*** Opening Task input ***

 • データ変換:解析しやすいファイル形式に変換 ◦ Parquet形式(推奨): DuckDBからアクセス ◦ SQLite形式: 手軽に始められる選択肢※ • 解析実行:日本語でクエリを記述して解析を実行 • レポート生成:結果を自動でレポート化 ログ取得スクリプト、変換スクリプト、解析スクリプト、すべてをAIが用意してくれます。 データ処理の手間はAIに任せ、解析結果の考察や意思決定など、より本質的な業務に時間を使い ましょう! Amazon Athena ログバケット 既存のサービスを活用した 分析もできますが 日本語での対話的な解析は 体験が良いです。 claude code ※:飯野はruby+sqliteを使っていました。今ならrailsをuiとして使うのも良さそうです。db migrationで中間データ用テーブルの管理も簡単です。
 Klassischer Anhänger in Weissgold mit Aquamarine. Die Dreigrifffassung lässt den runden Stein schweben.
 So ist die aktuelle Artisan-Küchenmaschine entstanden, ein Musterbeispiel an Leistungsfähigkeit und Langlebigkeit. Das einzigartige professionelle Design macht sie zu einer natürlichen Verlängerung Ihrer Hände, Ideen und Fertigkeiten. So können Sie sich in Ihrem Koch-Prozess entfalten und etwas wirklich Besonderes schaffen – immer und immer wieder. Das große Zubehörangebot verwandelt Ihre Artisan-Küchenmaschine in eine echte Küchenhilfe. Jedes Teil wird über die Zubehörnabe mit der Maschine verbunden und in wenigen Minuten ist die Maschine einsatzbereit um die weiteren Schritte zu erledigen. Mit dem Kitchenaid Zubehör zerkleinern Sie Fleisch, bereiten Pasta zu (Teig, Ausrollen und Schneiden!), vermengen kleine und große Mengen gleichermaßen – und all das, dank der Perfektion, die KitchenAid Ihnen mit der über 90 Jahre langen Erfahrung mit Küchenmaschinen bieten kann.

*** Closing Task input ***
*** Opening Task input ***

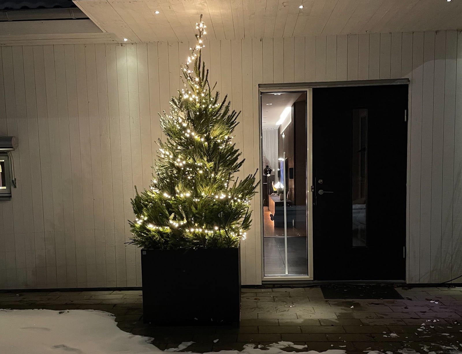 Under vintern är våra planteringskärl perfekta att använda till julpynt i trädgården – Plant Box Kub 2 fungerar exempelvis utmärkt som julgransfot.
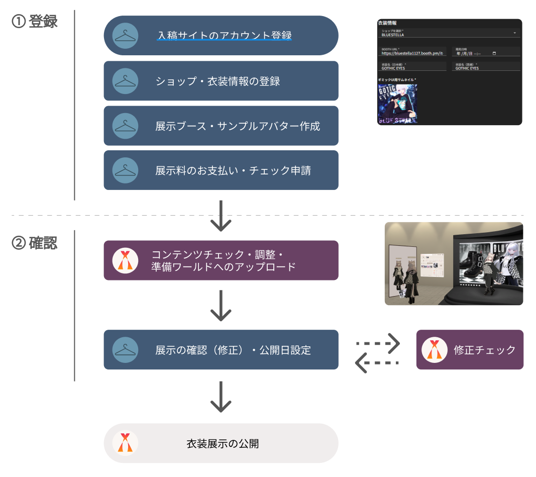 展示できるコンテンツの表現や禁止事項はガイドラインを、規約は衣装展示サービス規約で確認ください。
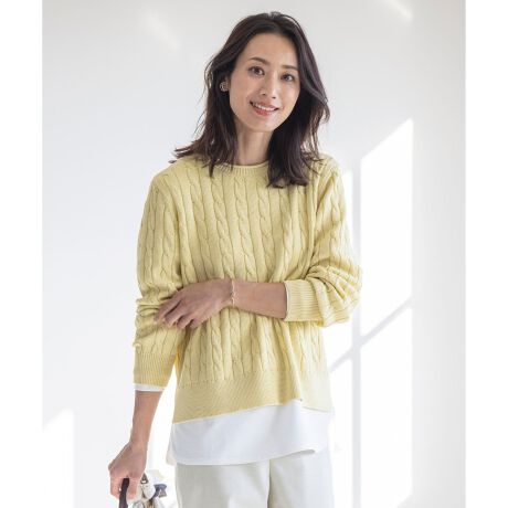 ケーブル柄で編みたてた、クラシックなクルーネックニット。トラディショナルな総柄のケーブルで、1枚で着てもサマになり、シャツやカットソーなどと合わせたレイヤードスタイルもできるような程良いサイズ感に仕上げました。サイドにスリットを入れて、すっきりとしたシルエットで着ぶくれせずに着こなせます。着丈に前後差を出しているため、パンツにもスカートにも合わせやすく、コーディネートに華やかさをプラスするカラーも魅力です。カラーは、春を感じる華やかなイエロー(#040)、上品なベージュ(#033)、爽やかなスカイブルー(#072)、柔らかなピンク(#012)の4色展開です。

*** Closing Task input ***

_Work required_. From the material above, output only the span of lines that starts at the one containing "Under vintern är" and finishes at the one containing "展示できるコンテンツの表現や", word for word and free of pictures.

_Result of this task_.
 Under vintern är våra planteringskärl perfekta att använda till julpynt i trädgården – Plant Box Kub 2 fungerar exempelvis utmärkt som julgransfot.
 展示できるコンテンツの表現や禁止事項はガイドラインを、規約は衣装展示サービス規約で確認ください。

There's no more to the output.